### Exercise prompt
Copy verbatim the block of lines in the entries below whose first line contains "古装青年男女亮相无锡闹市一餐厅。孙权 摄" and whose last line contains "Percy the Eastern". Leave out all other lines.

### Excerpted data
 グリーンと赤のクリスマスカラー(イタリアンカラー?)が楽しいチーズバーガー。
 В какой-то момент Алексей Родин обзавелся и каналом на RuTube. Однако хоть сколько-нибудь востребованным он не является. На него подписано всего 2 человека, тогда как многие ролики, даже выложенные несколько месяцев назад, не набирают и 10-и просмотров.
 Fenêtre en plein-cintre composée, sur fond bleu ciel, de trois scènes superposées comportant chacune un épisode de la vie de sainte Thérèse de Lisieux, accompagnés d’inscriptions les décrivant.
...
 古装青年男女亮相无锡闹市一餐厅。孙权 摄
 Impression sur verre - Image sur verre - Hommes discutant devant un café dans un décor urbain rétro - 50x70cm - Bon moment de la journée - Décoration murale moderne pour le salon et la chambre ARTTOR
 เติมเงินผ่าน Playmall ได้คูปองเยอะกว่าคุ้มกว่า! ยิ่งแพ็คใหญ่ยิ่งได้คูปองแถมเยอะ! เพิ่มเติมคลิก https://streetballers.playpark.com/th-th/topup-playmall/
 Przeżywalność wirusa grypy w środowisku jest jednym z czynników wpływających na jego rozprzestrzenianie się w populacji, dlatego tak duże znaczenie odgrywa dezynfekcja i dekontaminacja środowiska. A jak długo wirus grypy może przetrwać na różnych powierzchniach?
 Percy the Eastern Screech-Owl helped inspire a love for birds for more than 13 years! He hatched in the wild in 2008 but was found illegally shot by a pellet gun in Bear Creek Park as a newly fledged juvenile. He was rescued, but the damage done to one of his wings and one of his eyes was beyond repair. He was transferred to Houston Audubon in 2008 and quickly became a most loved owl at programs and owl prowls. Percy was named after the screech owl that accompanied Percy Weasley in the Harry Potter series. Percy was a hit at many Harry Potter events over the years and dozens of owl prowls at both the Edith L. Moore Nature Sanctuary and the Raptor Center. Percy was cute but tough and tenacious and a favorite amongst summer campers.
--
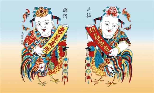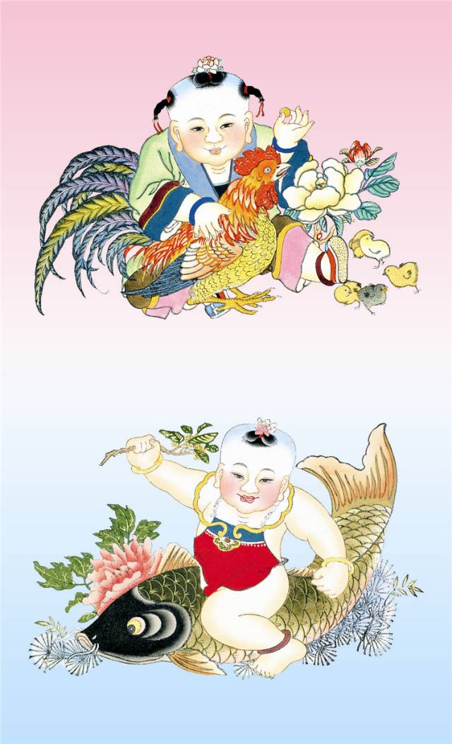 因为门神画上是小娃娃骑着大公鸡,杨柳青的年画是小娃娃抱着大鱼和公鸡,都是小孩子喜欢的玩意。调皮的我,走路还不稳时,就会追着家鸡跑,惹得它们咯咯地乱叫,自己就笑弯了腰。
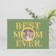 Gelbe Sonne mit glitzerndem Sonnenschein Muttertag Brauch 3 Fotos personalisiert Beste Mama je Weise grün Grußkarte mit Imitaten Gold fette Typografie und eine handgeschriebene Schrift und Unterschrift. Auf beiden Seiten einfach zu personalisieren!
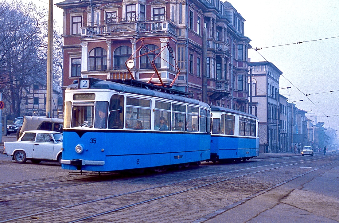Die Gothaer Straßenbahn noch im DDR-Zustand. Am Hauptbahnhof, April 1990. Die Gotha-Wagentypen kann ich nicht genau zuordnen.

### Exercise response
 古装青年男女亮相无锡闹市一餐厅。孙权 摄
 Impression sur verre - Image sur verre - Hommes discutant devant un café dans un décor urbain rétro - 50x70cm - Bon moment de la journée - Décoration murale moderne pour le salon et la chambre ARTTOR
 เติมเงินผ่าน Playmall ได้คูปองเยอะกว่าคุ้มกว่า! ยิ่งแพ็คใหญ่ยิ่งได้คูปองแถมเยอะ! เพิ่มเติมคลิก https://streetballers.playpark.com/th-th/topup-playmall/
 Przeżywalność wirusa grypy w środowisku jest jednym z czynników wpływających na jego rozprzestrzenianie się w populacji, dlatego tak duże znaczenie odgrywa dezynfekcja i dekontaminacja środowiska. A jak długo wirus grypy może przetrwać na różnych powierzchniach?
 Percy the Eastern Screech-Owl helped inspire a love for birds for more than 13 years! He hatched in the wild in 2008 but was found illegally shot by a pellet gun in Bear Creek Park as a newly fledged juvenile. He was rescued, but the damage done to one of his wings and one of his eyes was beyond repair. He was transferred to Houston Audubon in 2008 and quickly became a most loved owl at programs and owl prowls. Percy was named after the screech owl that accompanied Percy Weasley in the Harry Potter series. Percy was a hit at many Harry Potter events over the years and dozens of owl prowls at both the Edith L. Moore Nature Sanctuary and the Raptor Center. Percy was cute but tough and tenacious and a favorite amongst summer campers.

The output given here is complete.